There are various web standards (examples 1, 2, 3, 4) that exactly specify when a malformed string affects API behavior, but notably TextDecoder is one of those APIs. It is good practice to make sure that strings are well formed before doing text processing.

Check for well-formed strings

Very recent browsers now have a function for this purpose: isWellFormed().

Browser Support

111
111
119
16.4

Source

You can achieve a similar outcome by using encodeURIComponent(), which throws an URIError error if the string contains a lone surrogate.

The following function uses isWellFormed() if it is available and encodeURIComponent() if it is not. Similar code can be used to create a polyfill for isWellFormed().

// Quick polyfill since older browsers do not support isWellFormed().
// encodeURIComponent() throws an error for lone surrogates, which is essentially the same.
function isWellFormed(str) {
  if (typeof(str.isWellFormed)!="undefined") {
    // Use the newer isWellFormed() feature.
    return str.isWellFormed();
  } else {
    // Use the older encodeURIComponent().
    try {
      encodeURIComponent(str);
      return true;
    } catch (error) {
      return false;
    }
  }
}

Put it all together

Now that you know how to handle both Unicode and lone surrogates, you can put everything together to create code that handles all cases and does so without silent text replacement.

// From https://developer.mozilla.org/en-US/docs/Glossary/Base64#the_unicode_problem.
function base64ToBytes(base64) {
  const binString = atob(base64);
  return Uint8Array.from(binString, (m) => m.codePointAt(0));
}

// From https://developer.mozilla.org/en-US/docs/Glossary/Base64#the_unicode_problem.
function bytesToBase64(bytes) {
  const binString = String.fromCodePoint(...bytes);
  return btoa(binString);
}

// Quick polyfill since Firefox and Opera do not yet support isWellFormed().
// encodeURIComponent() throws an error for lone surrogates, which is essentially the same.
function isWellFormed(str) {
  if (typeof(str.isWellFormed)!="undefined") {
    // Use the newer isWellFormed() feature.
    return str.isWellFormed();
  } else {
    // Use the older encodeURIComponent().
    try {
      encodeURIComponent(str);
      return true;
    } catch (error) {
      return false;
    }
  }
}

const validUTF16String = 'hello⛳❤️🧀';
const partiallyInvalidUTF16String = 'hello⛳❤️🧀\uDE75';

if (isWellFormed(validUTF16String)) {
  // This will work. It will print:
  // Encoded string: [aGVsbG/im7PinaTvuI/wn6eA]
  const validUTF16StringEncoded = bytesToBase64(new TextEncoder().encode(validUTF16String));
  console.log(`Encoded string: [${validUTF16StringEncoded}]`);

  // This will work. It will print:
  // Decoded string: [hello⛳❤️🧀]
  const validUTF16StringDecoded = new TextDecoder().decode(base64ToBytes(validUTF16StringEncoded));
  console.log(`Decoded string: [${validUTF16StringDecoded}]`);
} else {
  // Not reached in this example.
}

if (isWellFormed(partiallyInvalidUTF16String)) {
  // Not reached in this example.
} else {
  // This is not a well-formed string, so we handle that case.
  console.log(`Cannot process a string with lone surrogates: [${partiallyInvalidUTF16String}]`);
}

There are many optimizations that can be made to this code, such as generalizing into a polyfill, changing the TextDecoder parameters to throw instead of silently replacing lone surrogates, and more.

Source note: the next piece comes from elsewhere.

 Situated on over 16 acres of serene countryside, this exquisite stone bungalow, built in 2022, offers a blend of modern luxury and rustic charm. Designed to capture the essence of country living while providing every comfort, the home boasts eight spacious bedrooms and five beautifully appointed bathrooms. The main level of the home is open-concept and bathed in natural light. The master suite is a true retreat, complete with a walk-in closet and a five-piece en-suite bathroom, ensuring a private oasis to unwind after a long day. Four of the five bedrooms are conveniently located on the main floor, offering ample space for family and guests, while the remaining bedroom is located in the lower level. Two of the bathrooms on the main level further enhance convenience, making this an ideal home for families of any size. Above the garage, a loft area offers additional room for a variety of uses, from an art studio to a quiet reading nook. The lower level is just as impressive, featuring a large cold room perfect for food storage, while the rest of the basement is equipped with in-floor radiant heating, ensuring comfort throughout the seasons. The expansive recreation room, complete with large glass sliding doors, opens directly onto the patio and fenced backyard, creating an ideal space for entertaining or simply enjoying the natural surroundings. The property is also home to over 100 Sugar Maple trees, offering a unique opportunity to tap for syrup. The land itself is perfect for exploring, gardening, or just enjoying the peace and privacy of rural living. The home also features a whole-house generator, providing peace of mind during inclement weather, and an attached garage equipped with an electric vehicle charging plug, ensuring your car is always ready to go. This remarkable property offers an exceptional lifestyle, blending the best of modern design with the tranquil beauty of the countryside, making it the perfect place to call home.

With this knowledge and code, you can also make explicit decisions about how to handle malformed strings, such as rejecting the data or explicitly enabling data replacement, or perhaps throwing an error for later analysis.

In addition to being a valuable example for base64 encoding and decoding, this post provides an example as to why careful text processing is particularly important, especially when the text data is coming from user-generated or external sources.